Problem to work on: Among the lines of data below, reproduce only those from the one with "Как пофиксить? Когда" through the one with "Het betoverende schouwspel", exactly as they stand, both ends included.

Records shown:

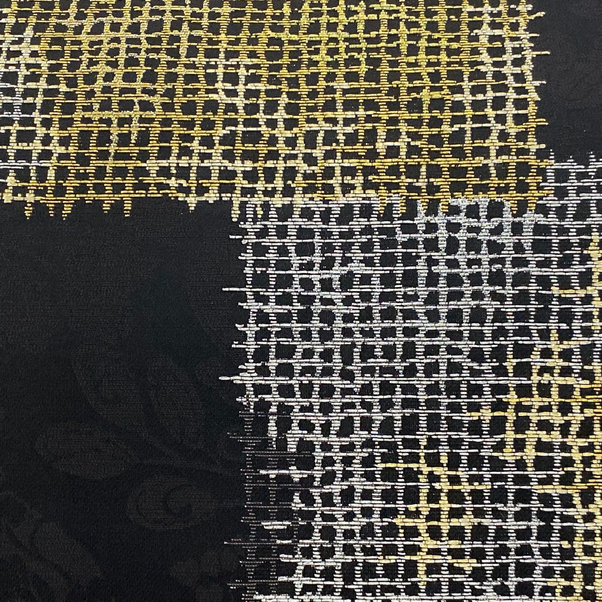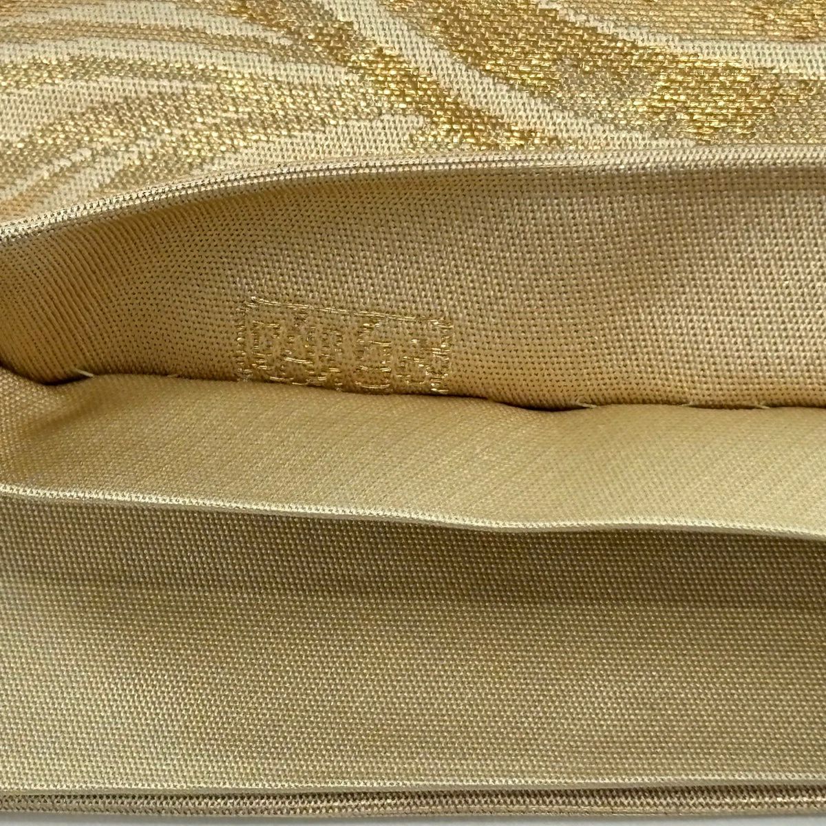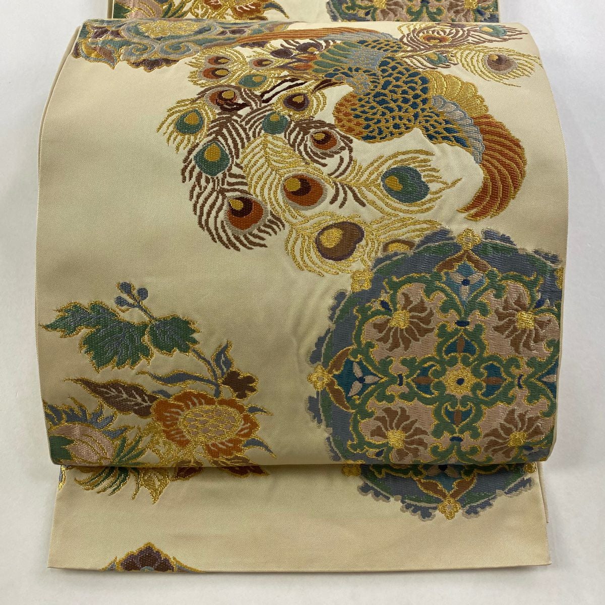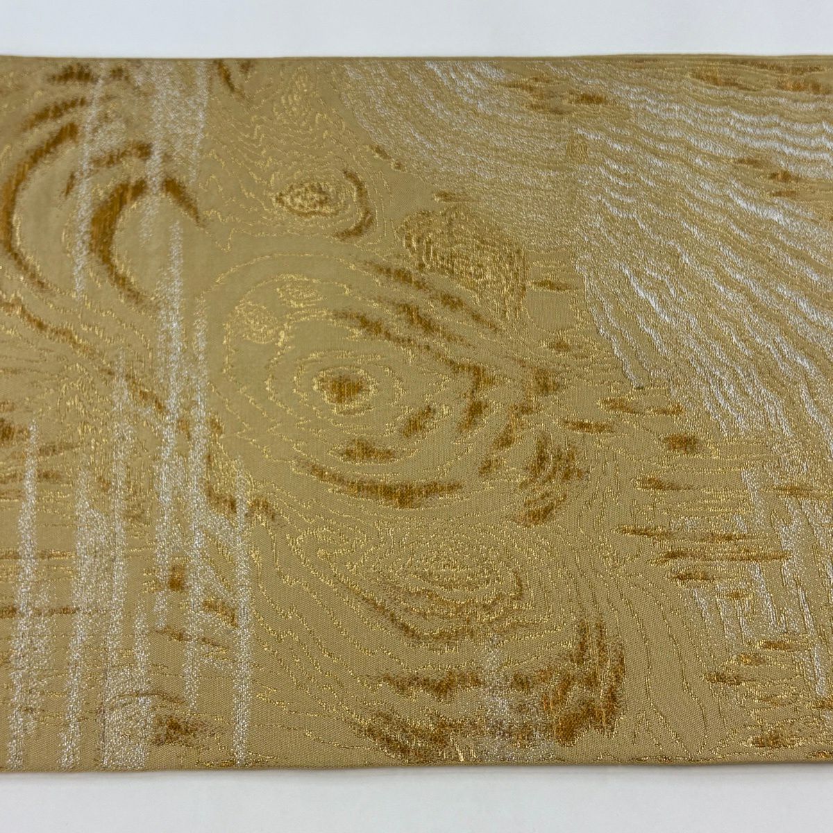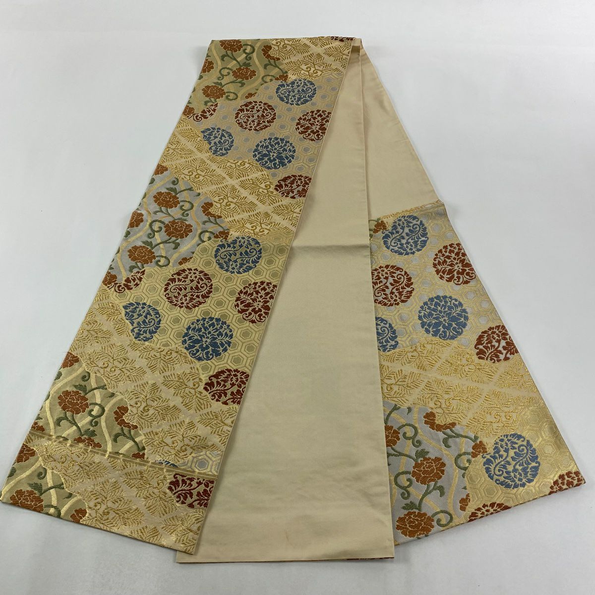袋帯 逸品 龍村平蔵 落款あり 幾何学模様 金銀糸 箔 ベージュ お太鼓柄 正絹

==

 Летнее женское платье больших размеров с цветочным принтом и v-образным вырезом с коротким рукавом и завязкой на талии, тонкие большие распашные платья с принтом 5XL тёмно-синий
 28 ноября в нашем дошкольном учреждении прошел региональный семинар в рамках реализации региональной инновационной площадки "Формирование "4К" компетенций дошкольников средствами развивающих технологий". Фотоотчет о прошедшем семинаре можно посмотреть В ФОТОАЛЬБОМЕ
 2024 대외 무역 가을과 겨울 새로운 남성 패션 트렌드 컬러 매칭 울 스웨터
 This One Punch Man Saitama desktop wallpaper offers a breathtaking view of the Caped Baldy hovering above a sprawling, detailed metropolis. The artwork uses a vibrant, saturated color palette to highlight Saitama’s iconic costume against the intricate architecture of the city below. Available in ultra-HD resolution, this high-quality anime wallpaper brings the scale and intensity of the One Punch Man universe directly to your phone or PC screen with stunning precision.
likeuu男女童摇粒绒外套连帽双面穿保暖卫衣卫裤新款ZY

* * *

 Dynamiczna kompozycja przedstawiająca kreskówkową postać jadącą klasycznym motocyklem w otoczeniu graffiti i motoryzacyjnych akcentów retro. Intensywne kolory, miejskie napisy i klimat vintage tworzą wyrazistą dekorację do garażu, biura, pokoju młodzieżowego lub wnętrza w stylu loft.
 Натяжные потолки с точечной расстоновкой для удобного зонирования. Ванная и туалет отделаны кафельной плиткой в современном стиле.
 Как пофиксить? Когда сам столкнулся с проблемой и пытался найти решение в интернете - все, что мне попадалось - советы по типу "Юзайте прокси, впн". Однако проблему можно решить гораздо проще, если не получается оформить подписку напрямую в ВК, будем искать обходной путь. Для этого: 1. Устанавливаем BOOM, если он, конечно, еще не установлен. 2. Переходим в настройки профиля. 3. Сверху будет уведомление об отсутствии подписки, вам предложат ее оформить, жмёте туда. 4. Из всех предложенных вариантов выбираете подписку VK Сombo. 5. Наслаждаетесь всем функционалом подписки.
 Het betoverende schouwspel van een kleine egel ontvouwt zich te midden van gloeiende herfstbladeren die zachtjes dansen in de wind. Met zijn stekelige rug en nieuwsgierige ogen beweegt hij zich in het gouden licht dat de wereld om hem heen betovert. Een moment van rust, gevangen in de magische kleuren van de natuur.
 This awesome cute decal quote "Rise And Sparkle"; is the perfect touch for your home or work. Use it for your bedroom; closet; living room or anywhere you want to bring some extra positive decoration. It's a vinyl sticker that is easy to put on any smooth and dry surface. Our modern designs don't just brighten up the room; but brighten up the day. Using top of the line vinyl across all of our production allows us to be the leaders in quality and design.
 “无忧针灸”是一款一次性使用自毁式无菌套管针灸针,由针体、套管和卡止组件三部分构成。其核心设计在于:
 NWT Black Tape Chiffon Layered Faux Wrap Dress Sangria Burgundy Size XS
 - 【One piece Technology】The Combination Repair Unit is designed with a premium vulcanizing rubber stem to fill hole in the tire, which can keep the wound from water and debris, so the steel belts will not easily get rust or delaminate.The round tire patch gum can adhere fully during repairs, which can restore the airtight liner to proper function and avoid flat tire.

Response:
 Как пофиксить? Когда сам столкнулся с проблемой и пытался найти решение в интернете - все, что мне попадалось - советы по типу "Юзайте прокси, впн". Однако проблему можно решить гораздо проще, если не получается оформить подписку напрямую в ВК, будем искать обходной путь. Для этого: 1. Устанавливаем BOOM, если он, конечно, еще не установлен. 2. Переходим в настройки профиля. 3. Сверху будет уведомление об отсутствии подписки, вам предложат ее оформить, жмёте туда. 4. Из всех предложенных вариантов выбираете подписку VK Сombo. 5. Наслаждаетесь всем функционалом подписки.
 Het betoverende schouwspel van een kleine egel ontvouwt zich te midden van gloeiende herfstbladeren die zachtjes dansen in de wind. Met zijn stekelige rug en nieuwsgierige ogen beweegt hij zich in het gouden licht dat de wereld om hem heen betovert. Een moment van rust, gevangen in de magische kleuren van de natuur.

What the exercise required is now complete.